Work order: Below are entries with pictures in them. Output exactly the lines starting at the line with "写真は,次回の活動で遊ぶ,遊" and ending at the line with "- Serve the", both included, but not the pictures.

Dataset content section start

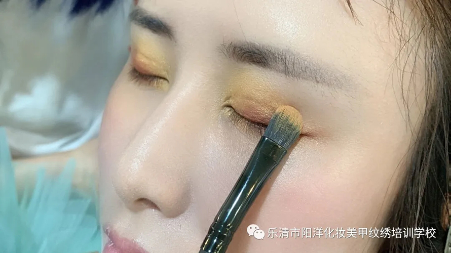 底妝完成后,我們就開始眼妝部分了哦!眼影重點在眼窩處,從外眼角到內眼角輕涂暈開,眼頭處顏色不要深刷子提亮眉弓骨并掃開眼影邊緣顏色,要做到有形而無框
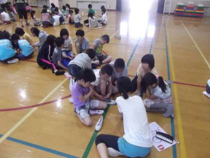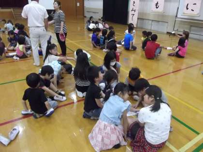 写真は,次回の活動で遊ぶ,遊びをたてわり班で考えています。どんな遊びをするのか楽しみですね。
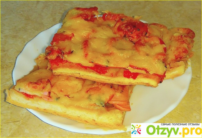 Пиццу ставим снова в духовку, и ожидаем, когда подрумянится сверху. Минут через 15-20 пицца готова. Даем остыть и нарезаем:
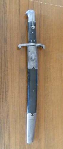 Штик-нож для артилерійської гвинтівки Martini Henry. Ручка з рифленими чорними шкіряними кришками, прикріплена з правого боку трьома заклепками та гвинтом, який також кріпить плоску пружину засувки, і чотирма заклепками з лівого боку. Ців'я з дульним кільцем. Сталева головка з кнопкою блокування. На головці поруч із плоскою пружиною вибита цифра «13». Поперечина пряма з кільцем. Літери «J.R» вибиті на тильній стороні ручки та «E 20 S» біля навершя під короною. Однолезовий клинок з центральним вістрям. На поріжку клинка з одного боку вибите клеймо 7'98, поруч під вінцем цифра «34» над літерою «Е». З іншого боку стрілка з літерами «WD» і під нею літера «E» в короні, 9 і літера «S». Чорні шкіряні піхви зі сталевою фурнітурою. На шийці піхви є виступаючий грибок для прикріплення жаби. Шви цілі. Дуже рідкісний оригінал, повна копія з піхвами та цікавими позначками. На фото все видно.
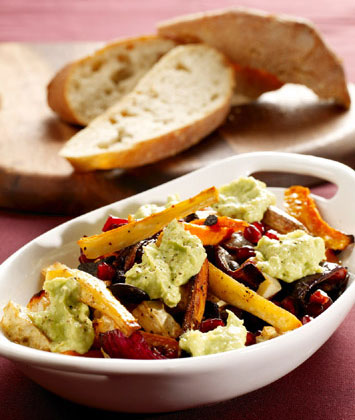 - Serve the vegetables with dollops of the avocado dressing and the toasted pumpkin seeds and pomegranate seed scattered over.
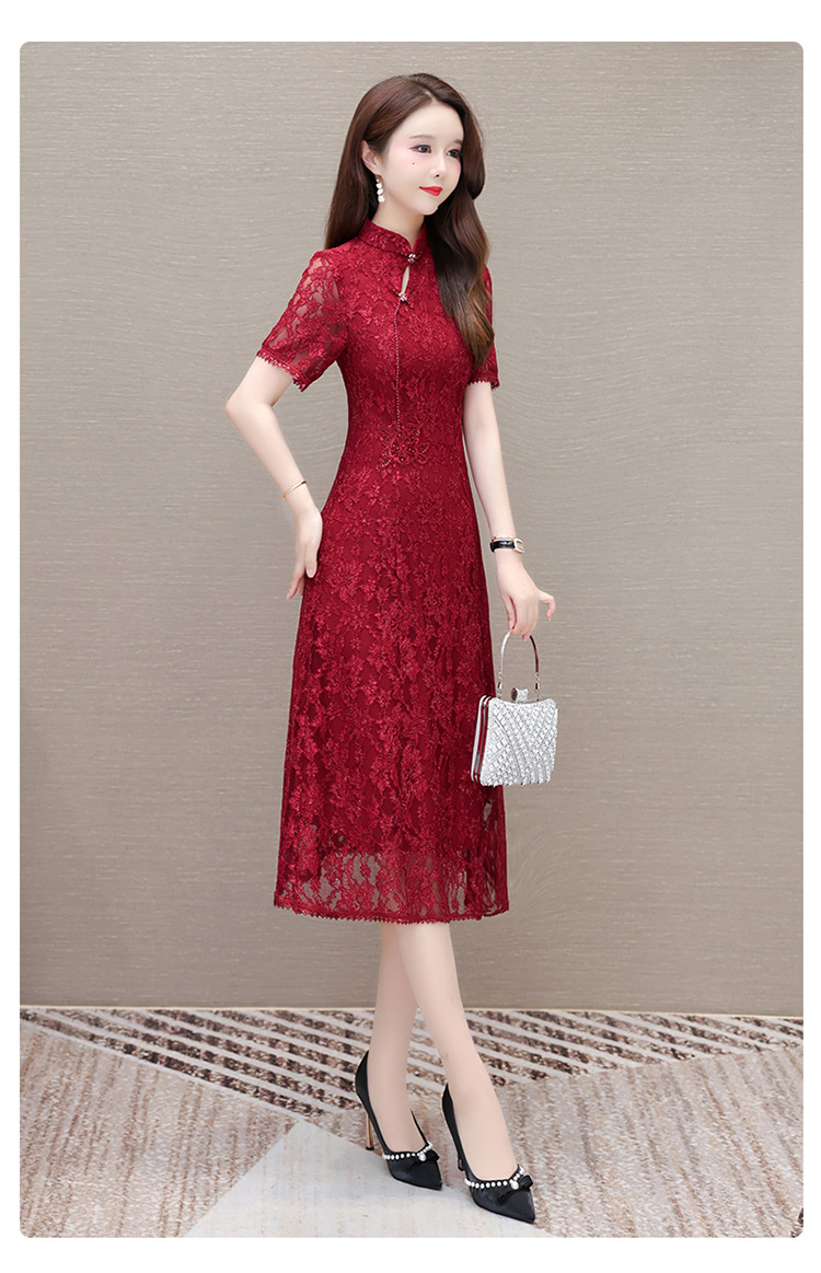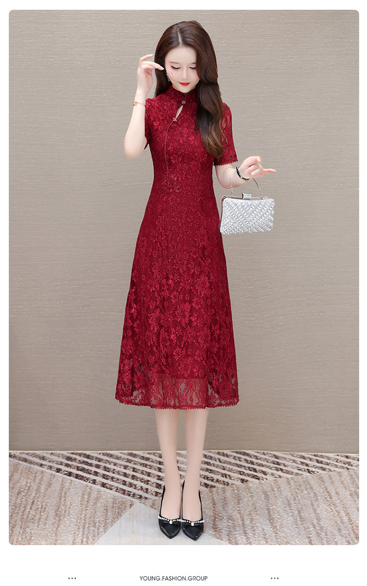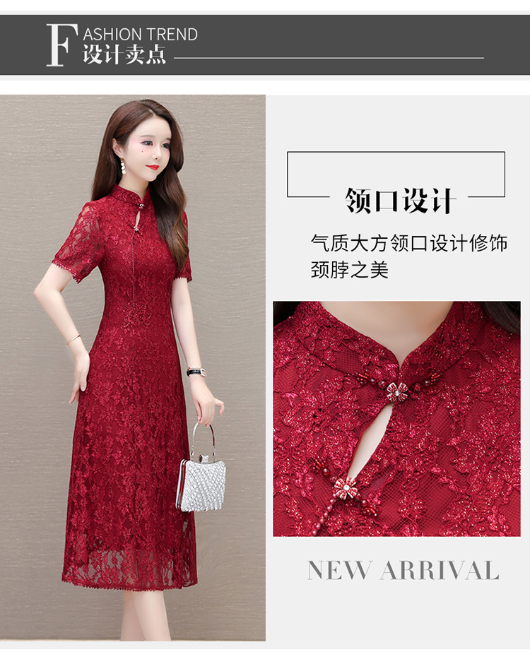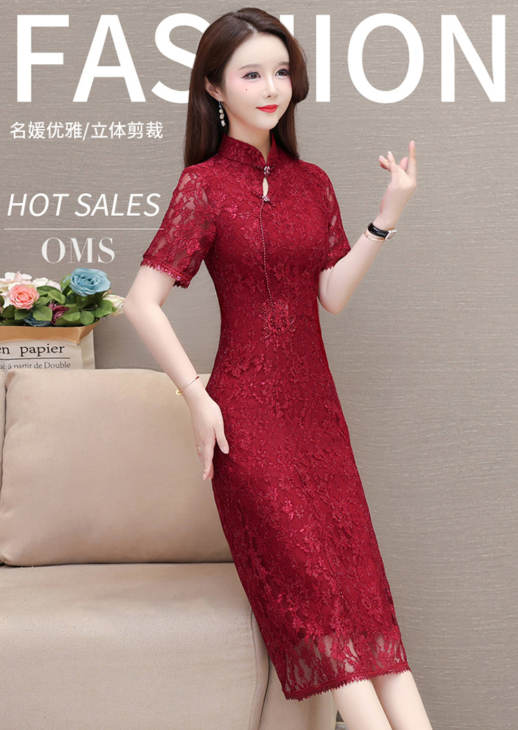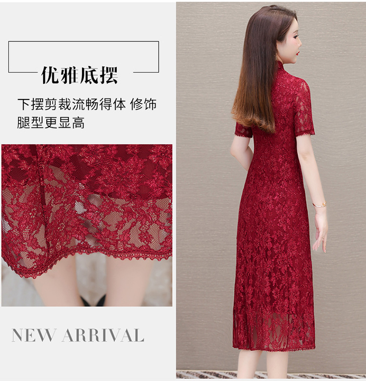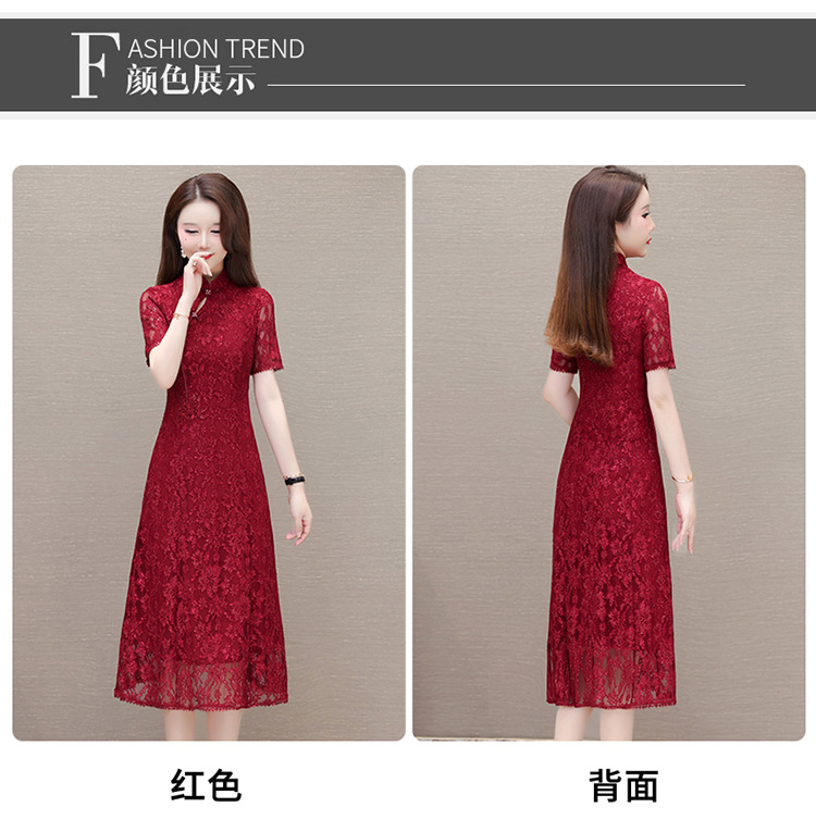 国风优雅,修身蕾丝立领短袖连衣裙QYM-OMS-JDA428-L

Dataset content section end

Finished exercise:
 写真は,次回の活動で遊ぶ,遊びをたてわり班で考えています。どんな遊びをするのか楽しみですね。
 Пиццу ставим снова в духовку, и ожидаем, когда подрумянится сверху. Минут через 15-20 пицца готова. Даем остыть и нарезаем:
 Штик-нож для артилерійської гвинтівки Martini Henry. Ручка з рифленими чорними шкіряними кришками, прикріплена з правого боку трьома заклепками та гвинтом, який також кріпить плоску пружину засувки, і чотирма заклепками з лівого боку. Ців'я з дульним кільцем. Сталева головка з кнопкою блокування. На головці поруч із плоскою пружиною вибита цифра «13». Поперечина пряма з кільцем. Літери «J.R» вибиті на тильній стороні ручки та «E 20 S» біля навершя під короною. Однолезовий клинок з центральним вістрям. На поріжку клинка з одного боку вибите клеймо 7'98, поруч під вінцем цифра «34» над літерою «Е». З іншого боку стрілка з літерами «WD» і під нею літера «E» в короні, 9 і літера «S». Чорні шкіряні піхви зі сталевою фурнітурою. На шийці піхви є виступаючий грибок для прикріплення жаби. Шви цілі. Дуже рідкісний оригінал, повна копія з піхвами та цікавими позначками. На фото все видно.
 - Serve the vegetables with dollops of the avocado dressing and the toasted pumpkin seeds and pomegranate seed scattered over.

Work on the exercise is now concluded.